Companies like Kraft-Heinz are hiring around the region. (The Enterprise FILE)
ONTARIO – Pandemic-related unemployment benefits ended earlier this month, but experts say it’s too soon to tell how that will impact the Malheur County economy, or if it will ease the labor shortage with a wave of new applicants as employers hope.
The available data indicates that any change to the labor force will be small.
“Malheur County is really pretty close to employment levels prior to the pandemic,” said Christopher Rich, a regional economist for the Oregon Employment Department.
All pandemic-related federal unemployment programs ended on Sept. 4, including the federal pandemic unemployment compensation providing an extra $300 a week.
In July, 181 people filed for regular state unemployment benefits in Malheur County, according to data from the OED. In July 2020, there were 428.
The July 2021 claims are closer to the July 2019 amount of 124, which Rich said indicates a return to pre-pandemic levels.
John Breidenbach, the president of the Ontario Area Chamber of Commerce, said that employers are seeing the impact.
“From what I’m hearing from the businesses is they’re getting people back to work, and they’re happy about it,” said Breidenbach.
Malheur County currently has the third lowest unemployment rate in the state, at 4.3%. It was 3.5% prior to the pandemic in February 2020, and peaked at 7.7% in April 2020 before returning to relatively normal rates.
Having one of the lowest unemployment rates in the state is likely a contributing factor to the labor shortage, and a variety of pandemic-related factors such as health concerns and at-home schooling may have kept people out of work.
Rich, the regional economist, said that the current data suggests there won’t be a big shift in the labor market after the cut to benefits, but the picture will be clearer in a few months.
“There are data points that suggest that the cutoff is actually going to have a limited impact on labor supply,” Rich said. “Given the data I’m looking at, it doesn’t look like it will have much of an impact.”
In July, Malheur County residents received a total of $1,234,548 in unemployment payments.
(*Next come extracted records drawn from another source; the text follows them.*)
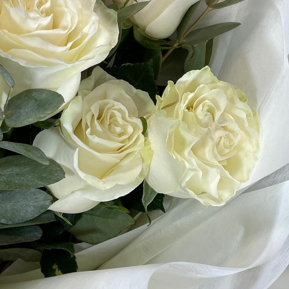 Лента – 2 шт.Эвкалипт – 2 шт.Роза – 11 шт.Упаковка – 2 шт.
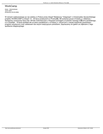 Parafia pw. ¦w. Józefa Sebastiana Biskupa w Przemy¶lu WorkCamp Autor: Administrator 19.07.2007. Zmieniony 03.03.2008. W ramach realizowanego po raz siódmy w Polsce przez Zespó³ Badawczy "Integracja" z Uniwersytetu Szczeciñskiego projektu WORKCAMP w dniach 13 - 20 lipca przebywa³a w Przemy¶lu 38-osobowa grupa m³odzie¿y z Madrytu i Saragossy zrzeszonej Opus Dei. M³odzi wolontariusze z Hiszpanii pomagali w budowie naszego ko¶cio³a parafialnego, a w czwartek - 19 lipca spotkali siê na placu parafialnym z m³odzie¿± i doros³ymi z naszej wspólnoty prezentuj±c program artystyczny oraz czêstowali nas swymi tradycyjnymi potrawami. Zapraszamy do galerii ze zdjêciami z tego spotkania integracyjnego http://www.parafia-jsp.przemysl.pl Kreator PDF Utworzono 8 March, 2017, 08:46
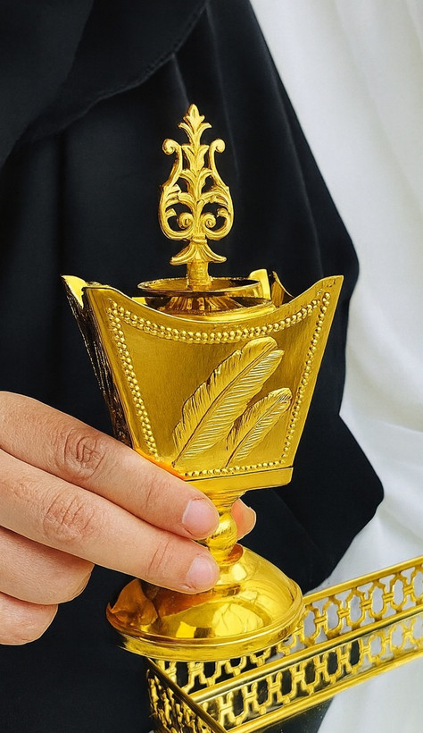 درخشش رنگ طلایی در کنار دود لطیف بخور، فضایی گرم، اصیل و مجلل میسازد؛ درست مثل خانههای عربی لوکس و دلنشین.
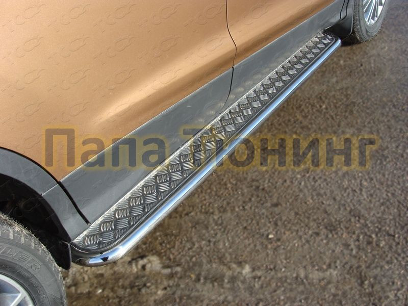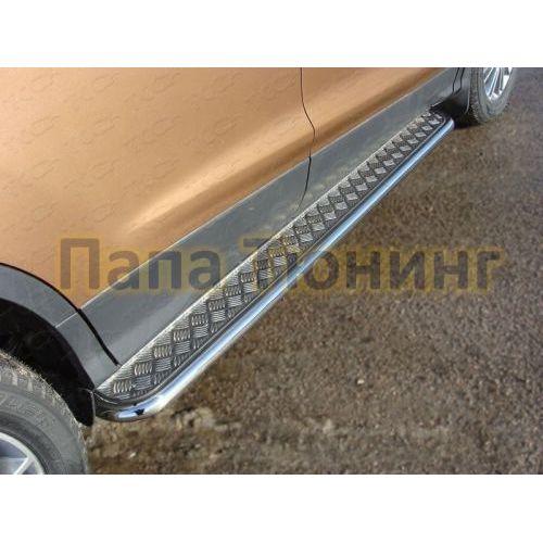 Пороги овал с площадкой нержавеющий лист 75х42 мм ТСС для Ford Kuga 2013-2016
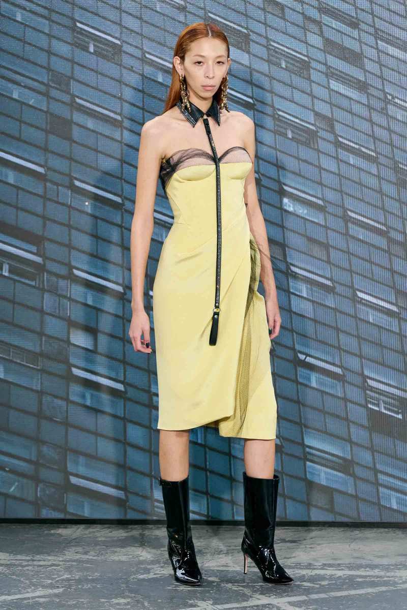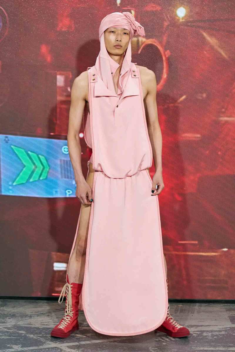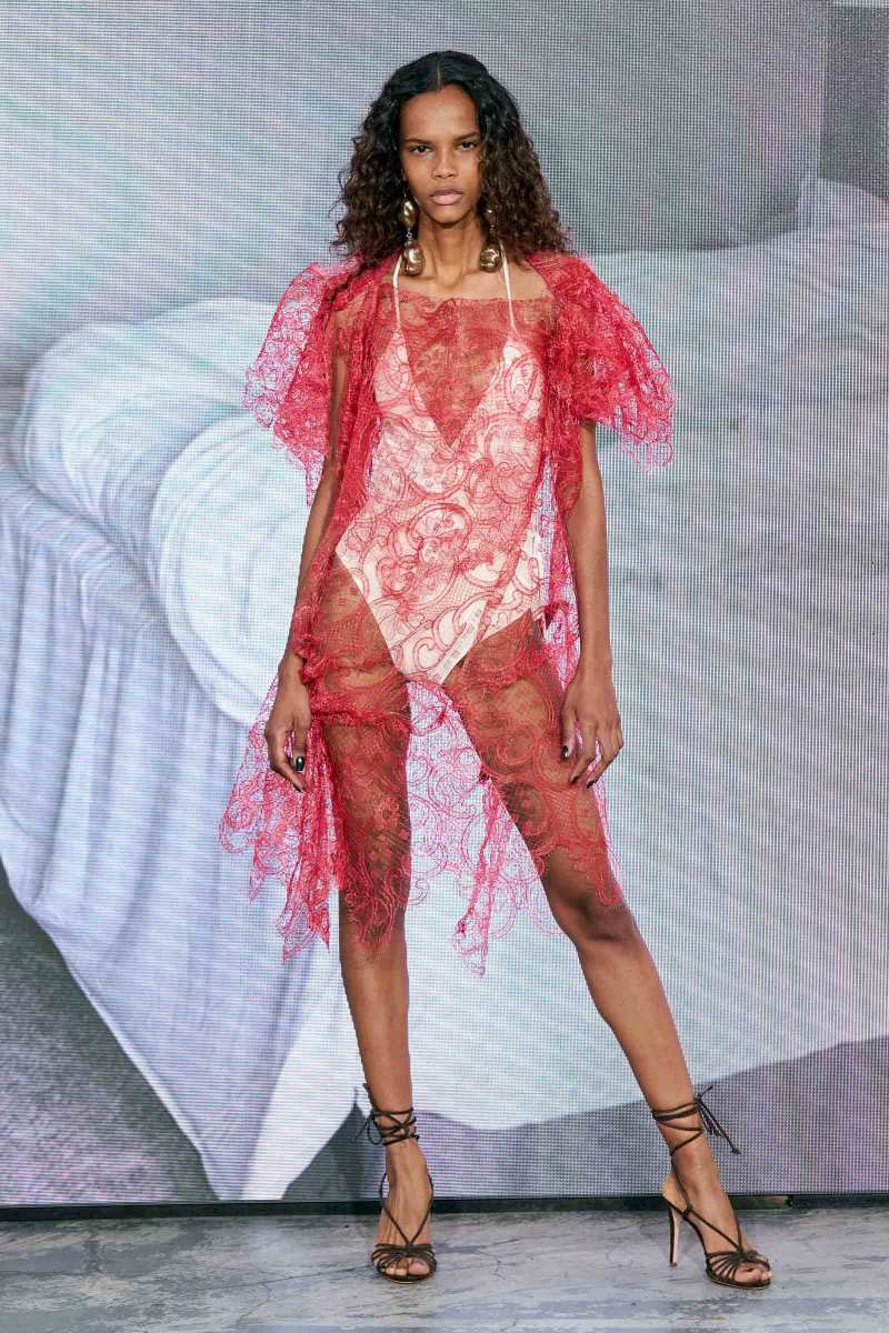 L’espressione post-pandemia della creatività di Andreas Kronthaler è incentrata sul vedo-non vedo sensuale che accomuna donne e uomini, con un “hint” alla cultura greca. I vestiti sono lunghi davanti ma corti dietro, con delle gonne stroncate giusto sopra le cosce che lasciano decisamente poco all’immaginazione.
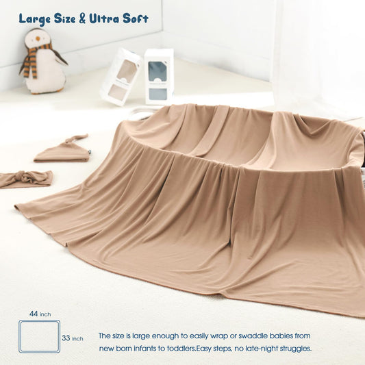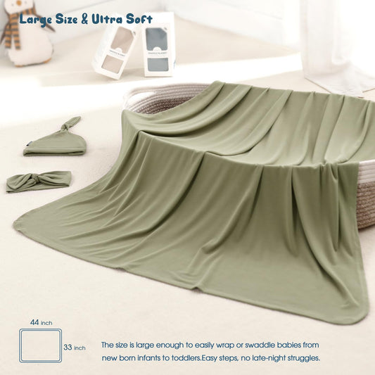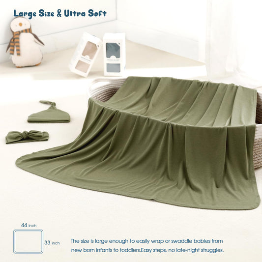 GRSSDER Newborn Swaddle Blanket, Ultra Soft Jersey Receiving Blanket with Matching Headband and Beanie Set 33×44", Stretchy Baby Neutral Swaddle Wrap for Girls and Boys
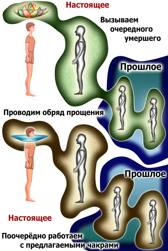 После того, как вы представили картину с привязкой к Сахасраре, мысленно обращаемся к умершему. Если вы работаете с собой, то произносите:
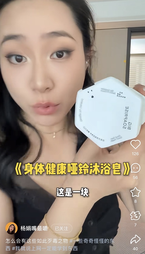 记者看到,“@杨娟嘴最嚼”分享了“身体健康哑铃沐浴皂”。这款产品将肥皂和健身两个不相干的元素强行结合起来,号称能让用户在洗澡时顺便健身。商家打出广告语——“洗澡的时间健身,肌肉层层增长”,让人不禁哑然失笑,难道消费者连洗澡的几分钟都要用来举铁?
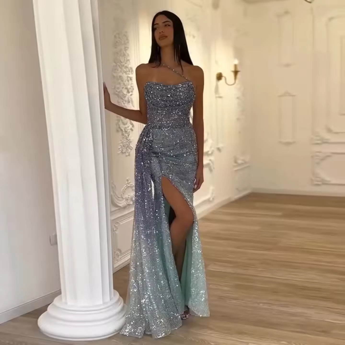 Luxury Ombre Blue Mermaid Evening Dresses with Slit Overskirt Sage Green Long Wedding Party Gowns
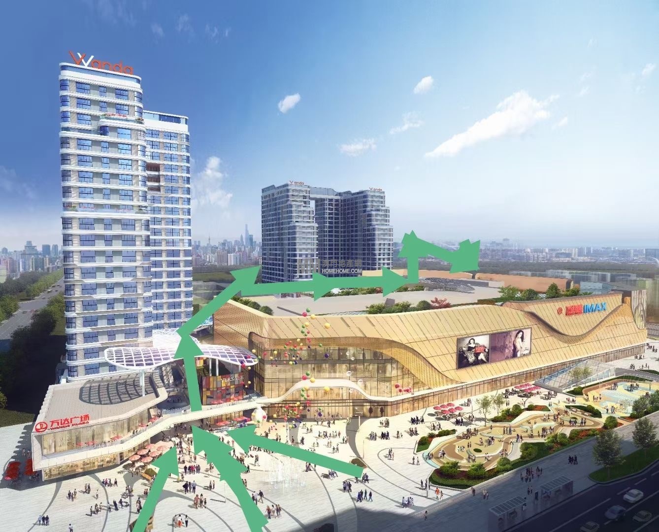 31 萬㎡大型綜合體、一站式消費。 項目集居住、購物、休閑、娛樂、社交等一站式消費,滿足商業綜合性需求,公
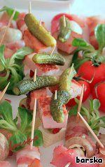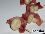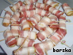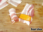 Маринад слить. Каждую полоску бекона разделить напополам и завернуть кусочек крабовой палочки, сколоть зубочисткой. -
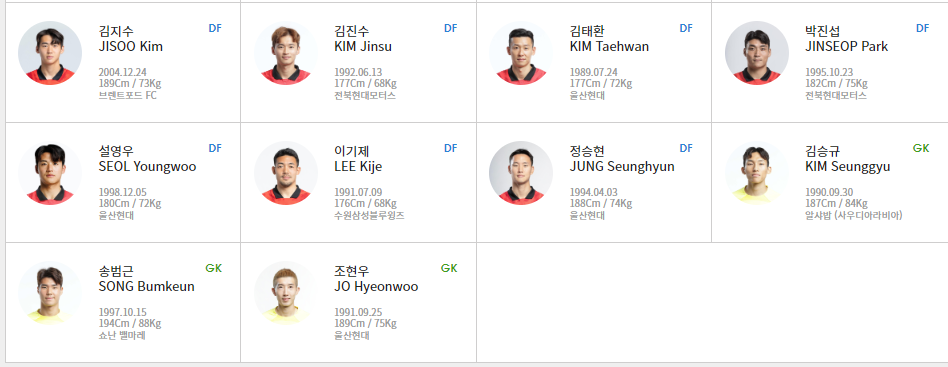 - GK: 김승규(알샤밥) 조현우(울산 HD) 송범근(쇼난벨마레)
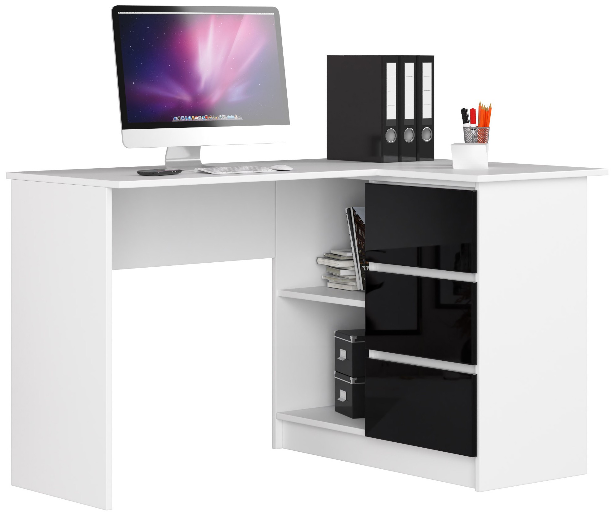 BIURKO NAROŻNE B16 124 cm PRAWE 3 SZUFLADY PK BIAŁE / CZARNY POŁYSK
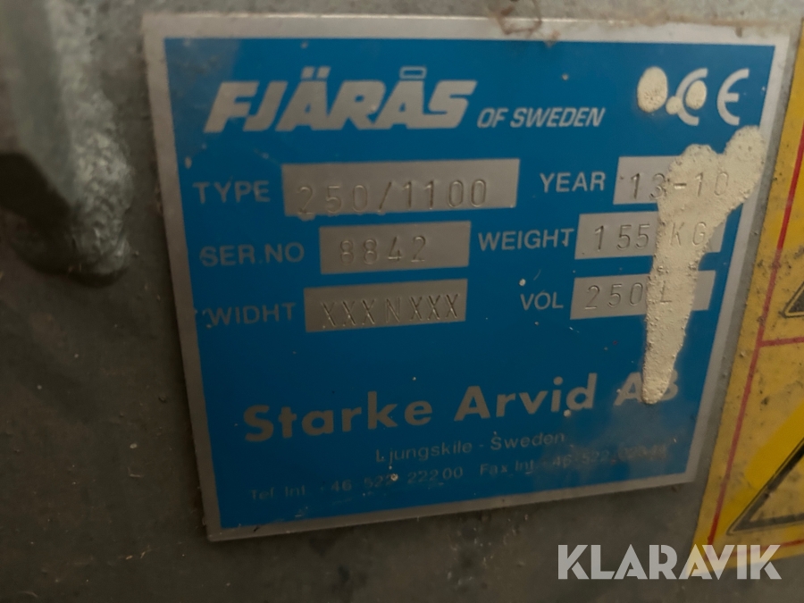 Boka frakt? Det finns ingen specifik information om frakt för just det här objektet, men om du skickar oss en förfrågan via vårt fraktformulär, så undersöker vi möjligheten. Paket, EU-pall eller större maskin? Klaravik har fraktavtal med Schenker och i de fall vi kan hjälpa till med frakt gäller det objekt som ryms i paket eller inom en EU-pall (upp till 120*80 cm och 990 kg). Det går att beställa frakt inom Sverige, dock inte till utlandet. Vid frakt på större maskiner rekommenderar vi gärna transportföretag som du kan kontakta.
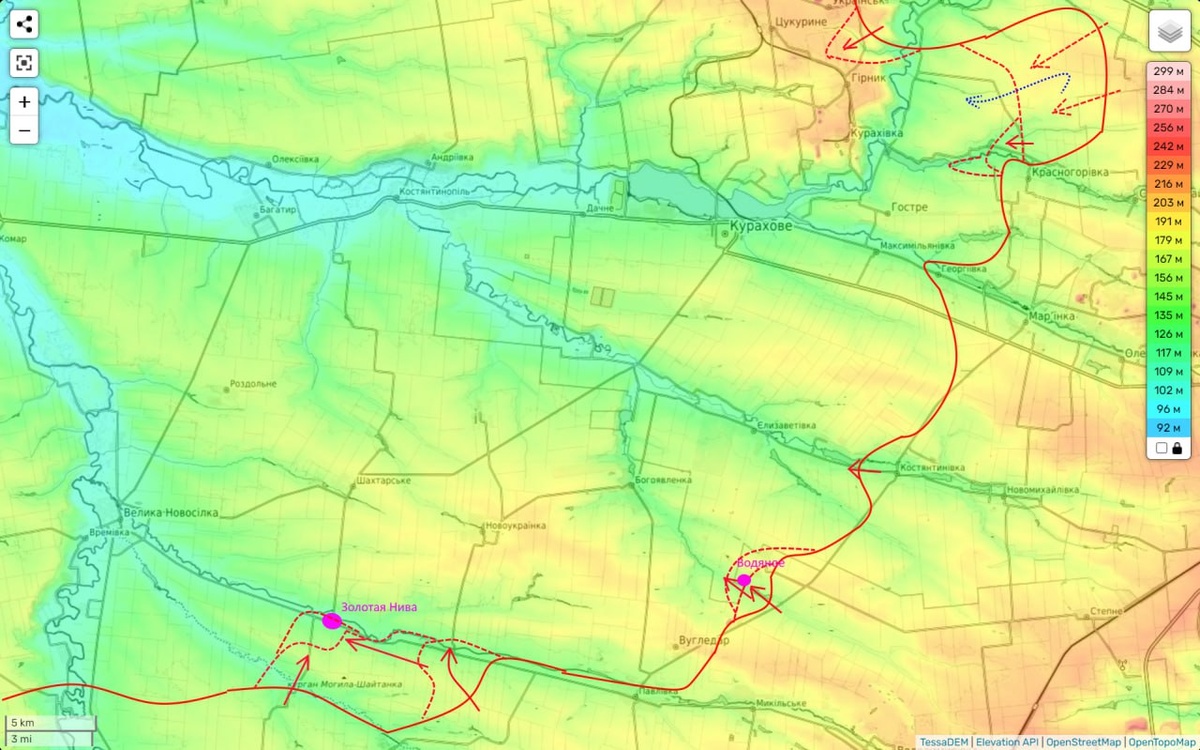 Вчера наши части сумели полностью освободить н.п. Водяное и продолжают обход Угледара с северо-востока.
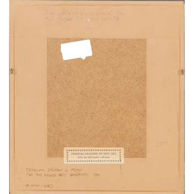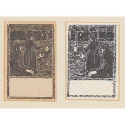1. Nativity with Midwife, St Joseph Seated, [1910], original Christmas card design for Roger Fry, mount aperture 9 x 6cm, in triple aperture mount with the printed wood-engraving [Skelton P10] and a pencil inscription by Gill 'To Ethel from Eric on return from Brussels Exhib[ition]', backboard with printed label reading 'Original drawing by Eric Gill from the Gill family collection', acquisition note 'G. Sims 1985' and other annotations;
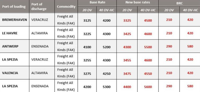 此外,全球第三大集装箱运输公司CMA CGM已从新年度开始,将北欧至加拿大,墨西哥东海岸,美国东,西海岸和墨西哥湾的最新FAK费率引入。
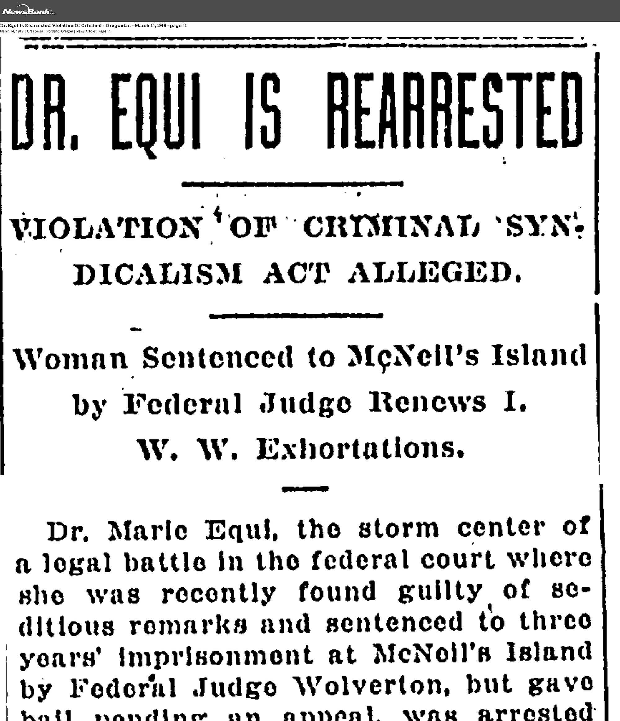 "Dr. Equi is Rearrested," Oregonian, March 14, 1919.
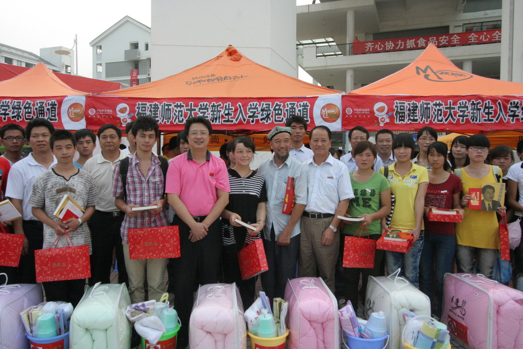 下午,迎新现场举行仪式,校党委罗萤书记、黄汉升校长亲手将“特困新生资助计划”送到24名家庭经济特别困难新生的手中。仪式上,罗萤代表学校对2011级新生的到来表示热烈的欢迎,对他们到荣耀体育官方网页版这所百年老校学习表示祝贺。他勉励特困新生尽快适应新的学习和生活环境,融入师大这个温馨的大家庭;希望他们继承传统,秉承校训,勤奋学习,刻苦钻研,在师大开启人生的新篇章。

This included all regular unemployment and the additional federal allotment.
Josh Lehner, an economist at the Oregon Office of Economic Analysis, said there will be a lag in people looking for jobs after the cutoff, because some have savings or shifted to other benefit programs.
He said that in some cases, the extra $300 per week put people 30% above their previous earnings.
“Even though the benefits ended two weeks ago, it doesn’t mean they need to find a job tomorrow,” Lehner said.
He said someone’s savings will determine how long they can wait before they will take a job to pay the bills, which for some could be around Thanksgiving. By that point, the data about the effect of the cutoff will be clearer.
Lehner said anecdotal comments from business owners in the region indicate that more people may be starting to look for work, but that those could also be related to other factors such as kids returning to school.
In the meantime, he said employers will likely hire more people who require more training or have gaps on their resume. Even if more people start looking for jobs around then, the labor market will remain tight with around 70% of open positions being difficult to fill.
“We’re not going to go back to a world where it’s easy to find workers,” Lehner said.